Dulwich Hamlet began playing at the ground in 1912. 'The Hill' was formerly one of the largest amateur grounds in England, with attendances often reaching 20,000 and beyond. Currently, it holds the record for the highest attendance at a league match outside of the English Football League at 16,254 for a 1931 Isthmian League match between Dulwich Hamlet and Nunhead. The ground was also used for football at the 1948 Summer Olympics, staging a game between Mexico and South Korea.

When Dulwich Hamlet suffered financial problems, much of the land they owned was sold for development of a Sainsbury's supermarket. As a result, a new stadium was built on the site of the old Champion Hill stadium, and the Sainsbury's supermarket was built on what had been the training pitch before the 1980s.
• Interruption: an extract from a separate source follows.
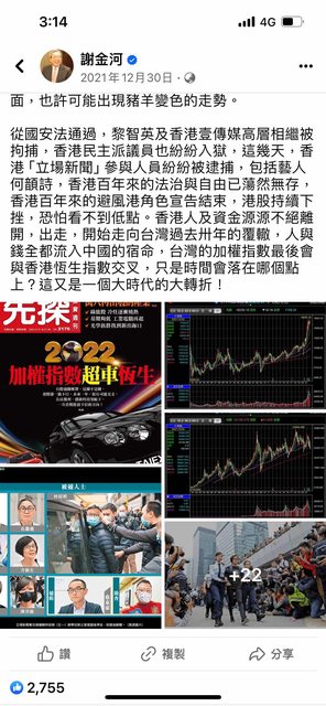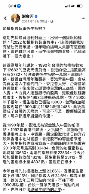 標題Re: [新聞] 等了30年!台股大盤指數超越港股「黃金

The new stadium was opened in 1992.

The ground was also used by Corinthian-Casuals from 1963 until 1968, Fisher Athletic from 2004 until they folded in 2009, and then by the new Fisher club between their formation in 2009 and 2016 when they moved to their own ground on Salter Road.

It was listed by Southwark London Borough Council as an asset of community value in 2013. The club's record attendance at the new ground of 3,336 was set at an FA Cup First Round game against Carlisle United on 8 November 2019.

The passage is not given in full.